## WORK INSTRUCTIONS
In the records below, reproduce exactly the lines from the one containing "讲授内容十分丰富,涵盖五大板" through the one containing "Articles Management of", both included, and omit the pictures.

## PROVIDED MATERIAL
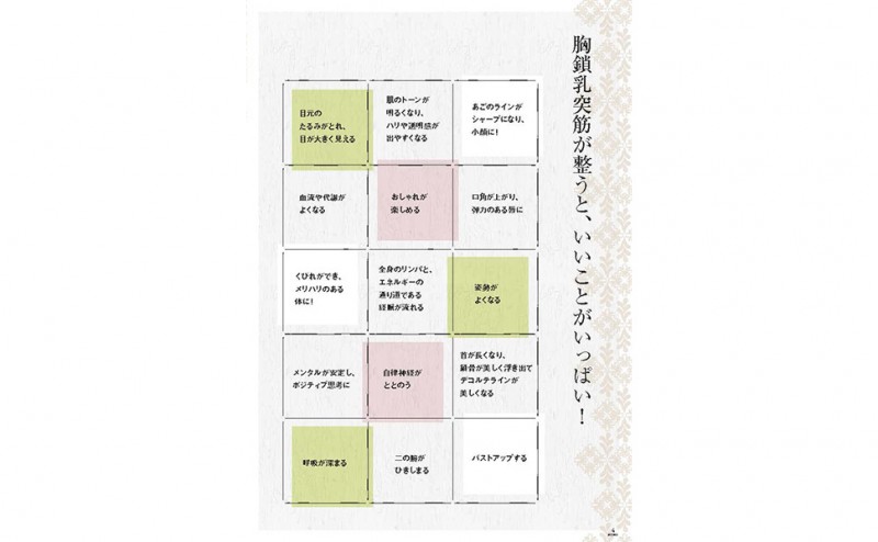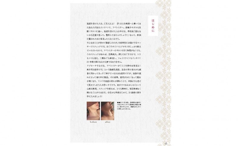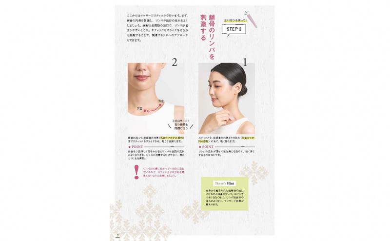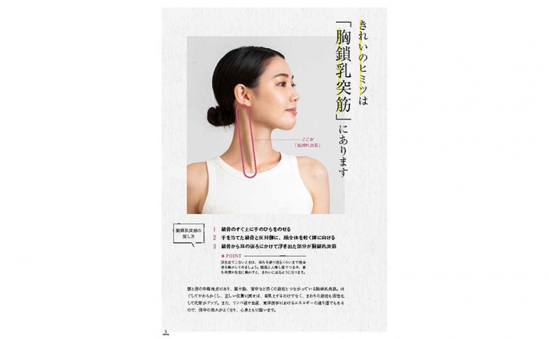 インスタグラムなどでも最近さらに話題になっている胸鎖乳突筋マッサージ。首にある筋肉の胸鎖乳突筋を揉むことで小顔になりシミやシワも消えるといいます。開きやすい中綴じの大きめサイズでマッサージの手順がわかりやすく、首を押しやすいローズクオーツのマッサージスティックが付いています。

---

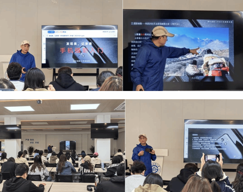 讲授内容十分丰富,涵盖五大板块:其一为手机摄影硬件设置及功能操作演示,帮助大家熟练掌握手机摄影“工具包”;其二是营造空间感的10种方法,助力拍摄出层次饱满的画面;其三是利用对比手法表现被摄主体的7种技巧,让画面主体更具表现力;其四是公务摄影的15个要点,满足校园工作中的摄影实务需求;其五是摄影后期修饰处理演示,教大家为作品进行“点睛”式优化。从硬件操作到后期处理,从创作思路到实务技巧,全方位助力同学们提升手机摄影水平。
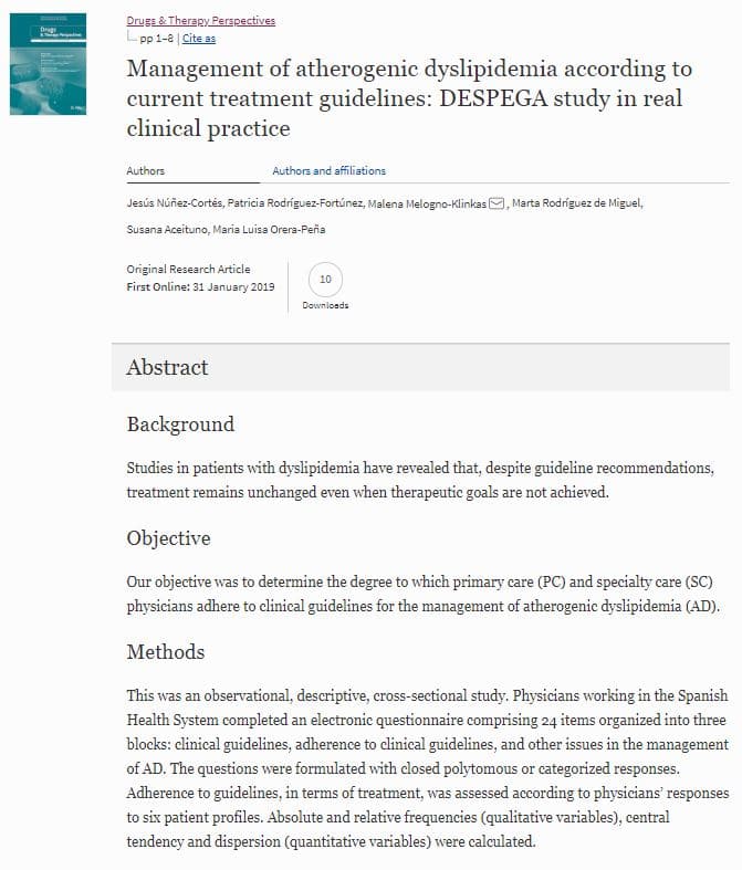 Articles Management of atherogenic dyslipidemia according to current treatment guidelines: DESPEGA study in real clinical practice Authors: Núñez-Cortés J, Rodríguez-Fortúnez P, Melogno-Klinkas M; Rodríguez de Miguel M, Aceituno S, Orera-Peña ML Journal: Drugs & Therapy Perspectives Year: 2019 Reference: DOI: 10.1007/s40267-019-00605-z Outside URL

## REPLY TO THE TASK
 讲授内容十分丰富,涵盖五大板块:其一为手机摄影硬件设置及功能操作演示,帮助大家熟练掌握手机摄影“工具包”;其二是营造空间感的10种方法,助力拍摄出层次饱满的画面;其三是利用对比手法表现被摄主体的7种技巧,让画面主体更具表现力;其四是公务摄影的15个要点,满足校园工作中的摄影实务需求;其五是摄影后期修饰处理演示,教大家为作品进行“点睛”式优化。从硬件操作到后期处理,从创作思路到实务技巧,全方位助力同学们提升手机摄影水平。
 Articles Management of atherogenic dyslipidemia according to current treatment guidelines: DESPEGA study in real clinical practice Authors: Núñez-Cortés J, Rodríguez-Fortúnez P, Melogno-Klinkas M; Rodríguez de Miguel M, Aceituno S, Orera-Peña ML Journal: Drugs & Therapy Perspectives Year: 2019 Reference: DOI: 10.1007/s40267-019-00605-z Outside URL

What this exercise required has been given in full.